The report says valuable approaches to address biodiversity loss and climate change include halting the loss and degradation of carbon and species-rich ecosystems on land and in the ocean, particularly forests, wetlands, peatlands, grasslands and savannahs; coastal ecosystems such as mangroves, salt marshes, kelp forests and seagrass meadows and deep water and polar blue carbon habitats.

Restoration is one of the cheapest and fastest nature-based climate mitigation measures, while increasing sustainable agricultural and forestry practices improve the capacity to adapt to climate change, enhance biodiversity, increase carbon storage and reduce emissions. 

The planet, Midgley says, doesn’t come with an operating manual. “And we need one.

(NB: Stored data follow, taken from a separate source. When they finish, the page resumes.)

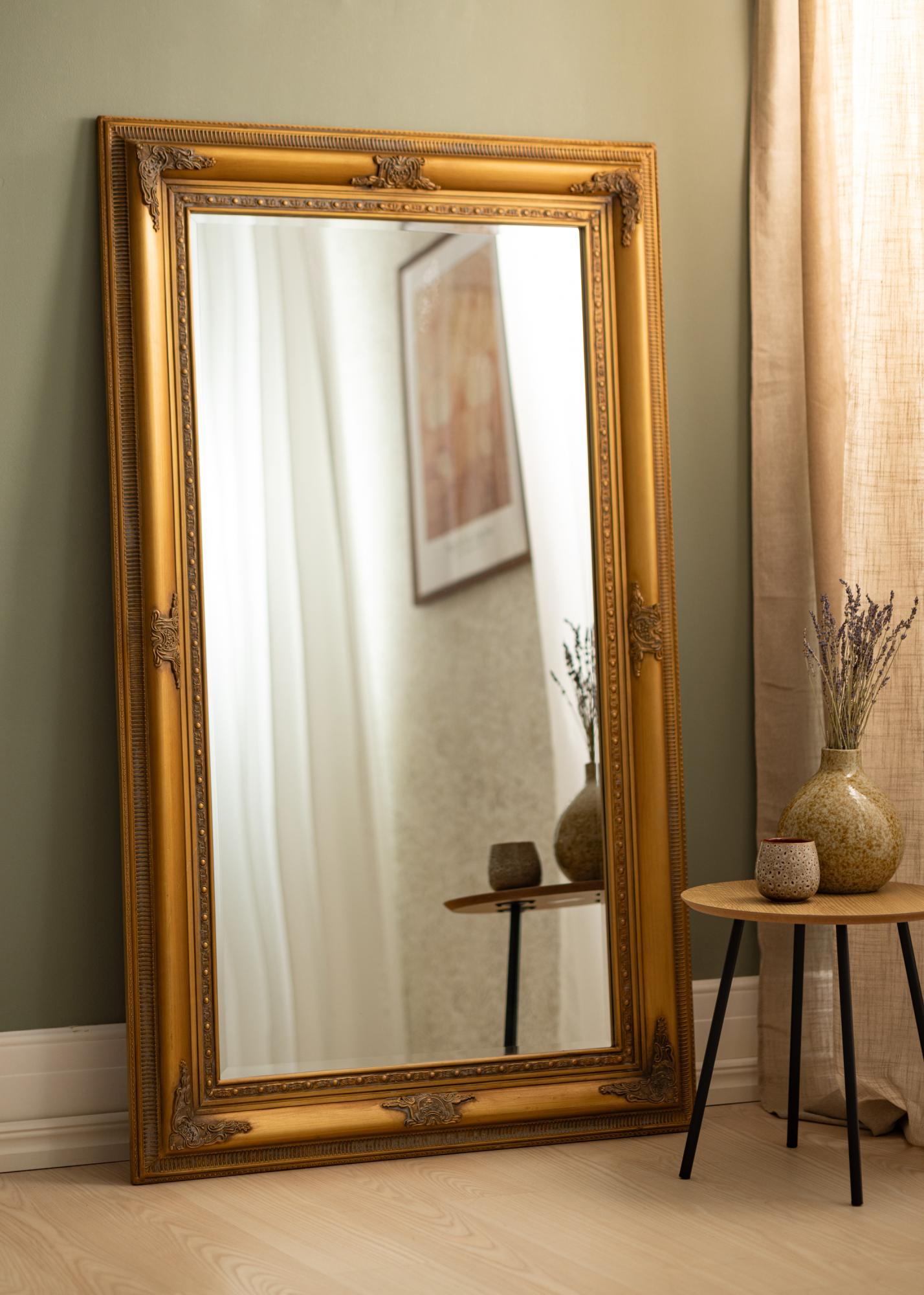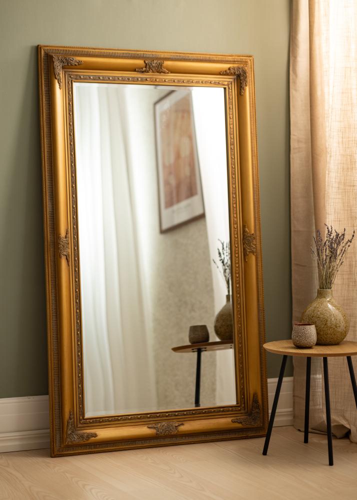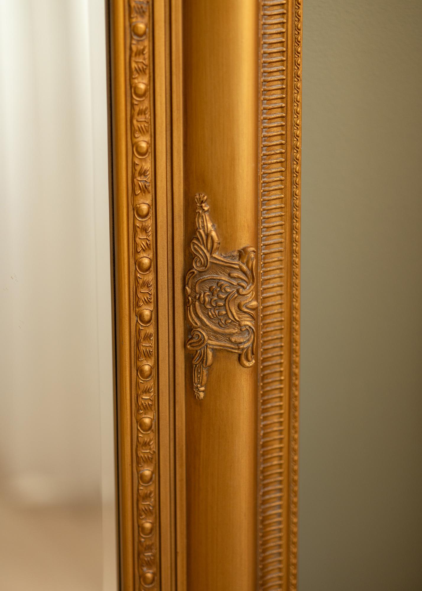 Spiegel mit schönem Profil in Gold mit einer antiken Note, verziert mit Blumenornamenten. Der klassische Stil des Spiegelrahmens passt hervorragend zu Einrichtungsstilen mit älteren Möbeln, kann aber auch verwendet werden, um einen spannenden Kontrast in einem stilvollen, modern eingerichteten Zuhause zu schaffen. Der Spiegel lässt sich wunderbar im Flur, Schlafzimmer oder in einem begehbaren Kleiderschrank aufhängen und wird gemeinsam mit Accessoires in Messing- oder Goldtönen schön hervorgehoben.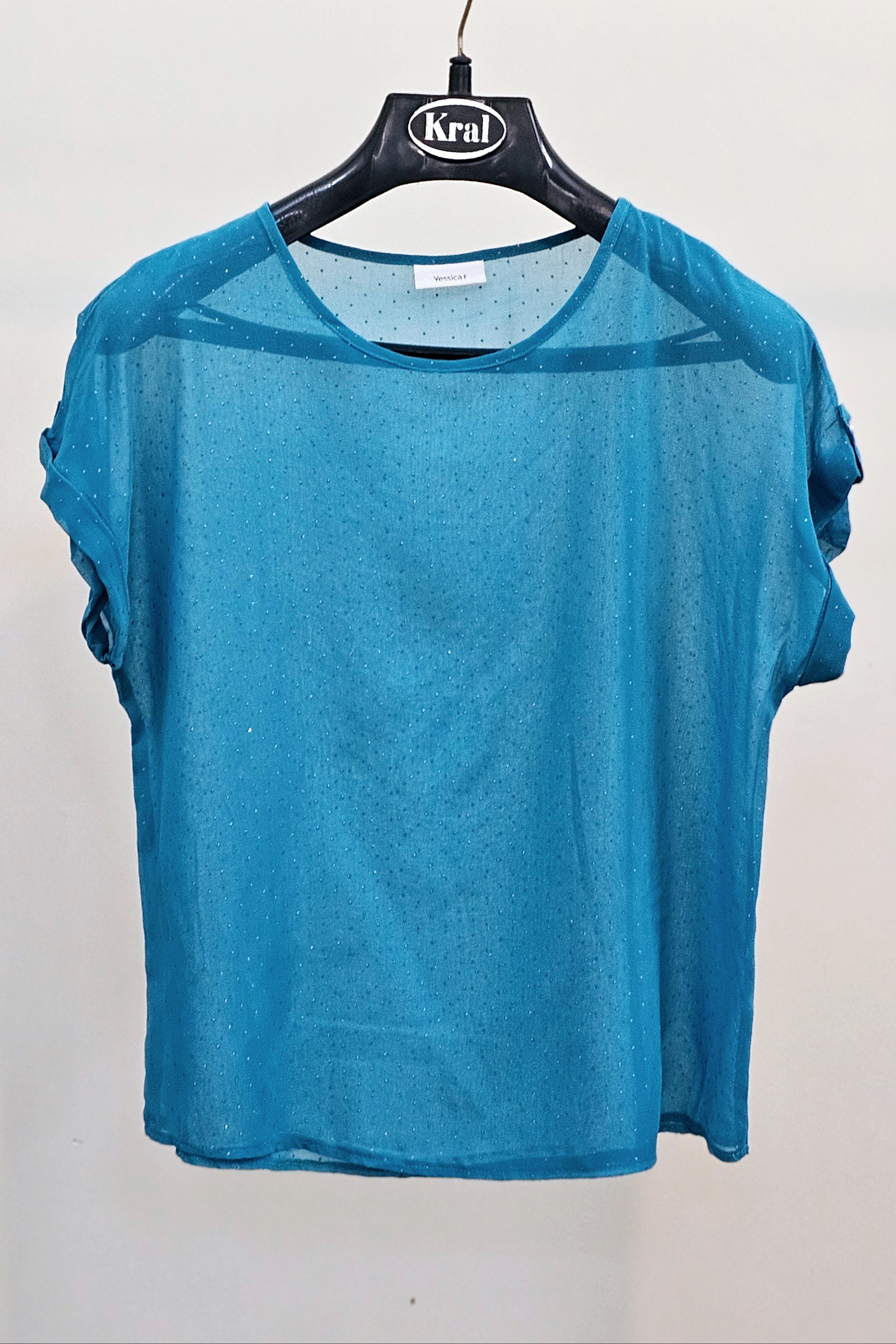 بلوز زنانه سوپرنخ لطیف ونرم شاین دار آستین کوتاه زمینه سورمه ای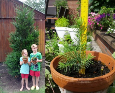Beim ersten Foto mussten wir zweimal hinsehen: 2,50m in einem Jahr? Das riecht nach Betrug und Sabotage. Aber es geht gar nicht um die Fichte im Hintergrund, sondern um die Gewächse in den Blumentöpfen.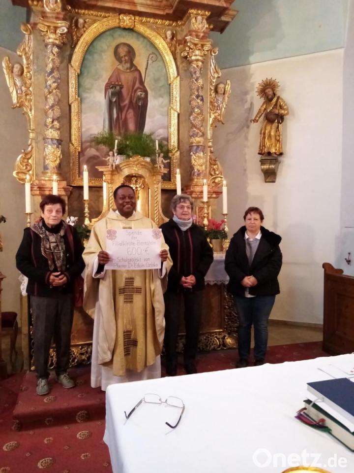Für das Schulprojekt von Pfarrer Edwin Ozioko spendeten Kirchenrat und Privatpersonen. Damit soll Kindern eine Schulausbildung ermöglicht werden. Pfarrer Edwin Ozioko unterstützt ein Schulprojekt in Nigeria. Dafür durfte er sich nun über ein Spende über 600 Euro mehrerer Geber freuen. Für die Filialkirche Bernstein überreichten Kirchenrätin Corinna Pfeiffer und Monika Richter eine Gabe von 300 Euro. Weitere 200 Euro erhielt er aus dem Verkauf von Kräutersträußen.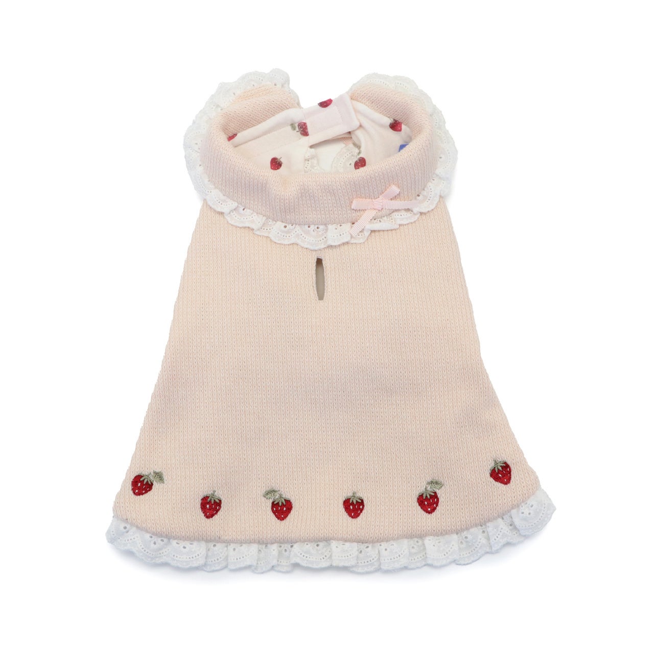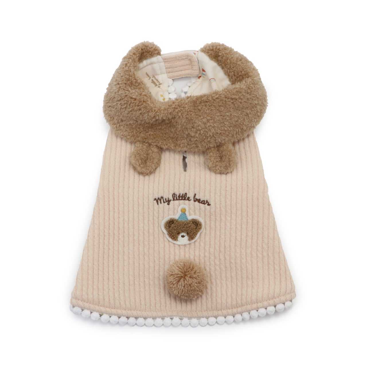 頭を通さず着せやすい背開き形状。ワンちゃんの肌に当たる内生地は綿100%です。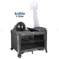 سرير ومنطقة لعب كيديلو T-703M المتعدد الوظائف للأطفال - سرير جانبي، طاولة تغيير، ونظام تنقل متكامل (رمادي فاخر)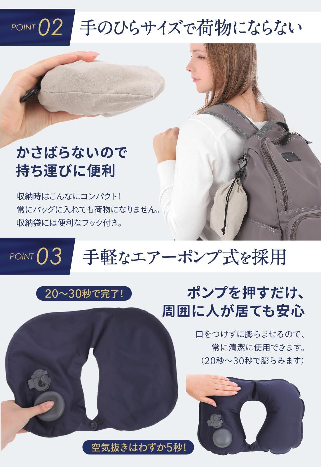 【限定セール】ネックピロー コンパクト【整体師×睡眠改善インストラクター監修】ポンプ式 軽量 エアー 飛行機 車 新幹線 首枕【MONOQLO ベストバイ受賞店】 neck pillow トラベルピロー 長距離 旅行 低反発 携帯枕 クッション 便利グッズ 快適グッズ (ネイビー)

We need to understand because we are now so dominant, we’ve become a geological force on the planet …. The science of ecology, biodiversity science and climate change science is developing the ideas that help us understand what are the safe operating limits. 

“And it’s reports like these that translate all that science into messages that can be substantiated at different levels of certainty and uncertainty, that are presented to the policy-making fraternity, without making any value judgments — that these are the facts.” 

The report is dedicated to Bob Scholes, who was at the Global Change Institute at the University of the Witwatersrand,. He died in April. 

“When contacted as a potential co-chair [of the scientific steering committee of the workshop] Bob enthusiastically accepted. He immediately saw the importance of further bringing together the scientific community around biodiversity and climate change, to inspire policymakers in addressing these two issues together,” the report states.